How to ensure effective onboarding

With it being a key process for employees and employers, here are some ways to ensure an effective onboarding experience for investment banking new hires:

A warm and special welcome

Banks hire new employees every day but not each employee joins a new bank every day. Hence, any shift in employment is a significant deal for investment banking new hires. They place their trust and hopes in the organisation in order to flourish professionally.

So, their first few days carry immense weight. While you may not need to go overboard in welcoming them, the day must count as special for the employee.

This could be in the form of a small breakfast, a meet and greet session, a written message, a gift bag and so on. Remember that this should be in line with the bank's values.

A chance to connect with managers and colleagues

An employee will need to work in close parternship with their managers. They shouldn’t feel that they have been simply thrust into work without knowing and connecting with their teams.

Your onboarding programme should allow the new hire to schedule conversations with all relevant managers and team members to warm up for the first week or two.

These meetings may not need a set agenda as the point is to build a rapport with each other. Further, this humanises the process for all those involved.

Focused early careers training programmes

Regardless of an individual’s experience, a well designed early careers programme will help investment banking new hires to adjust from an academic mindset into their new work environment.
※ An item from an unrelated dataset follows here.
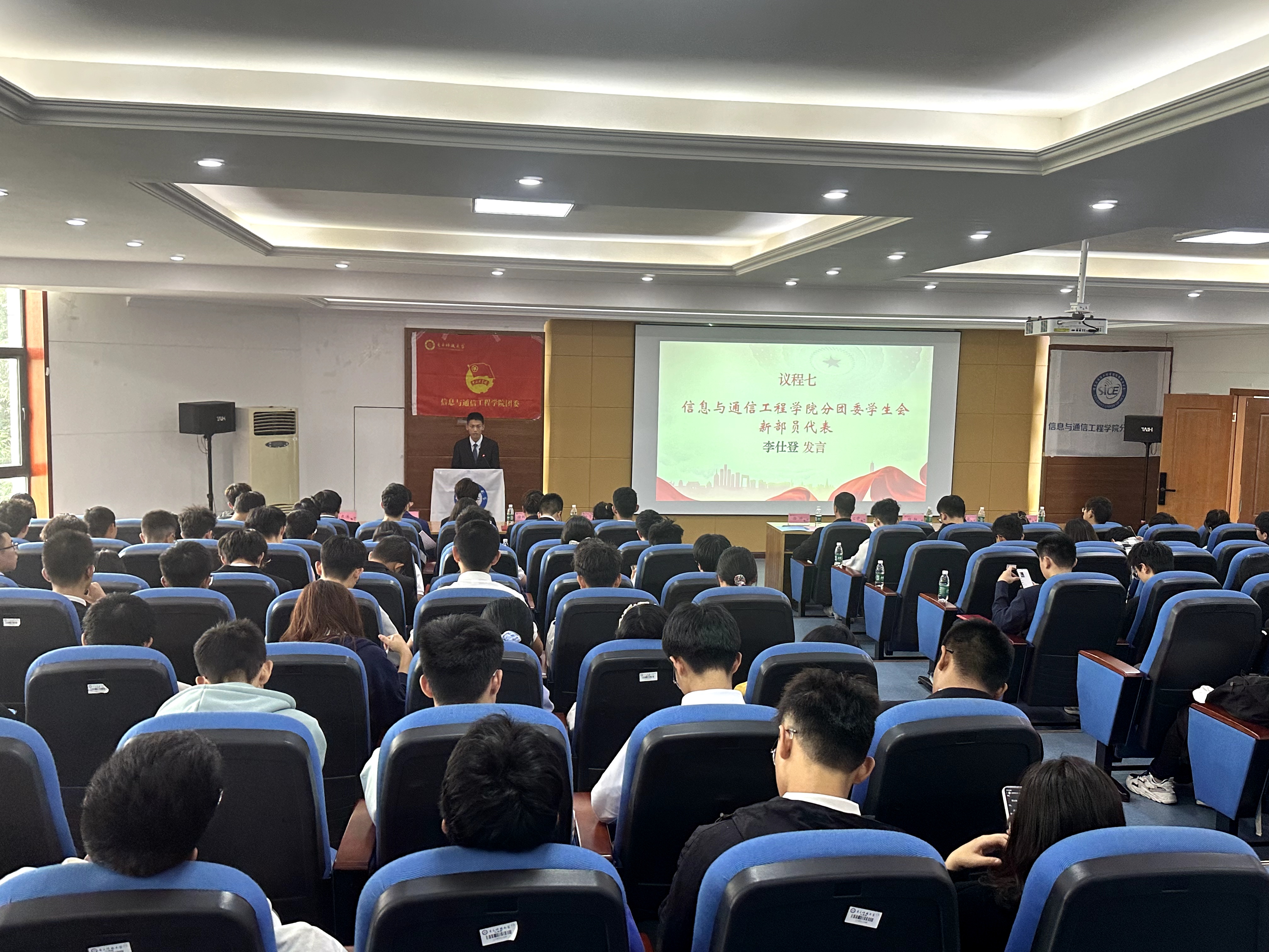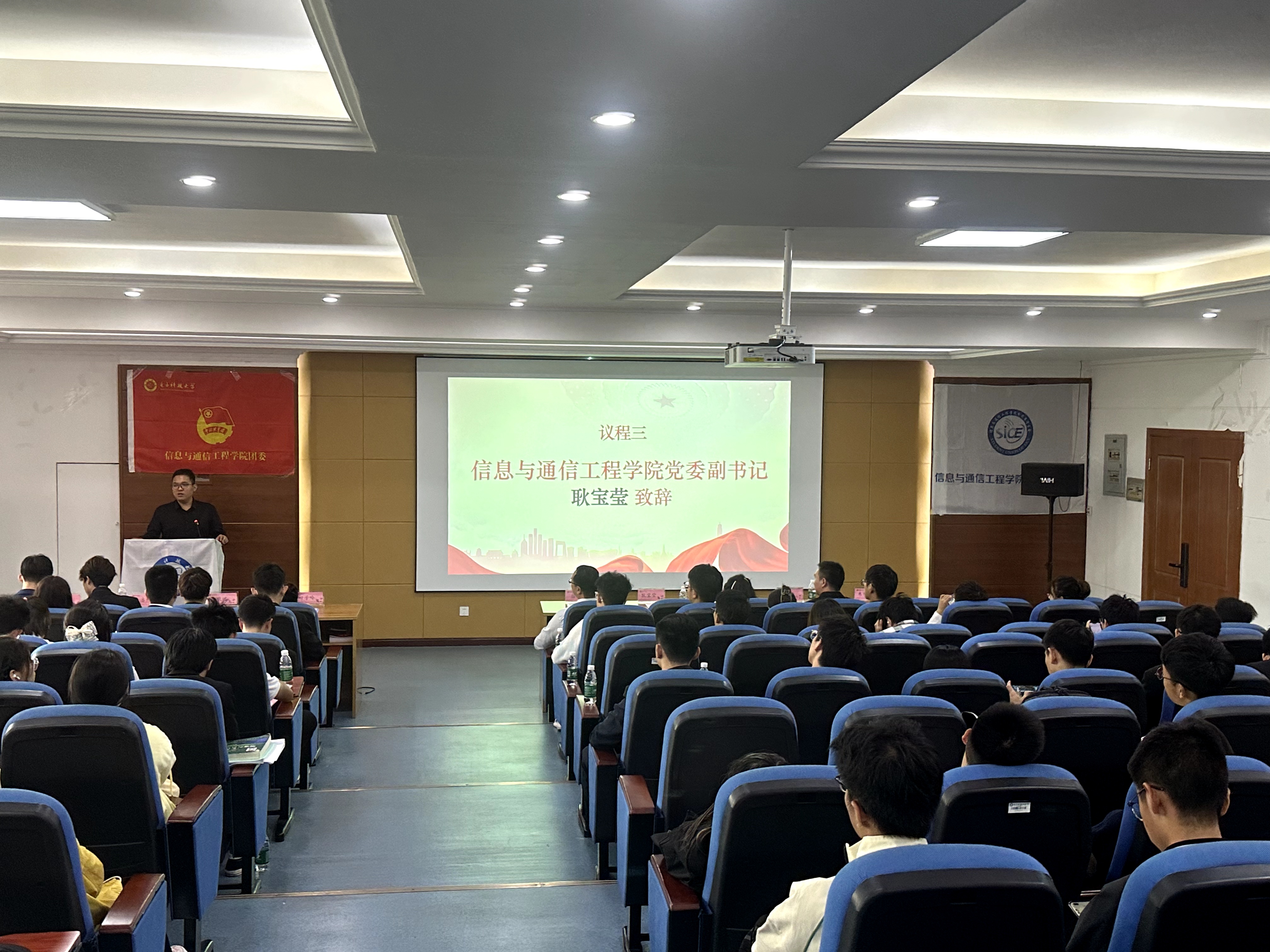耿宝莹代表学院党委致辞,首先高度肯定了学生会过去一年的工作成绩,衷心感谢全体成员的努力付出,向新一届学生会的成立表示祝贺!他对选择加入信通院会的新成员们表示热烈欢迎,勉励大家要珍惜在学生会组织成长锻炼的机会和平台,增强责任意识、勇于面对挑战、积极履职尽责,在服务同学的过程中实现自我成长。耿宝莹强调,学院新一届学生会要继续发扬团结奋进的精神、务实担当的作风,坚持全心全意为同学服务的宗旨,持续深化改革,加强组织建设,提升工作实效,时刻葆有争做标杆的态度和当好示范的决心,努力为学科建设和学院发展贡献青春力量。

This could be on multiple fronts including your bank's values and culture, their field of work, interpersonal and organisational tools, etc.

As a committed bank, developing well-rounded interpersonal and techncial skills so they can contribute effectively to the organisation’s goals from day one. This process need not be mechanical and should include interactive and experiential workshops and simulations that engage new hires in the learning and keep them interested.

Explore MDA Training's experiential learning solutions for new hires, employed by some of the world’s leading investment banks.

At MDA Training, we offer an alternative to the all-too-common approach of slide-driven training. Instead, we offer learner-focused programmes centred around 'learning by doing' that draw on our unique mix of banking workshops, simulations, activities, games and digital learning experiences.

Our learning solutions are regularly used by investment banks to help:

  • Attract diverse young talent through highly interactive recruitment events
  • Enhance existing school leaver, apprentice, graduate development and intern programmes.

Additional support during breaks

Lunch and coffee breaks can feel slightly intimidating for new hires in an investment bank. As a HR manager, you can organise informal sessions during this time to encourage delegates to network.

While an individual will interact most closely with their teams, it is always a great idea to introduce them to other teams.

This allows cross-departmental networking, provides knowledge of the company structure and offers an opportunity to learn about other key organisational functions.

Regular check-ins

The only way for you to measure the success of your onboarding programme is to talk and gather feedback from delegates.

You can conduct both formal and informal check-ins at regular intervals and slowly reduce their frequency.

Informal check-ins would allow your new hires to speak more openly with you while formal surveys would allow you to document their experiences and draw conclusive data from them.

This would then be useful in making any necessary changes to your onboarding programme or scaling it as required.

Final words …

Onboarding is an indispensable process today especially as employees needs widen to include flexibility, autonomy, working for a purpose-driven organisation, and so on.

With the current workplace trends, investing in an onboarding programme translates to lower attrition rates, high employee satisfaction, productivity, and gains for the company.

To initiate impactful onboarding solutions, you should focus on a engaging and memorable welcome, a chance to network with key team members and managers, early career training programmes, lunch and coffee breaks that encourage networking, and a regular and dynamic feedback process.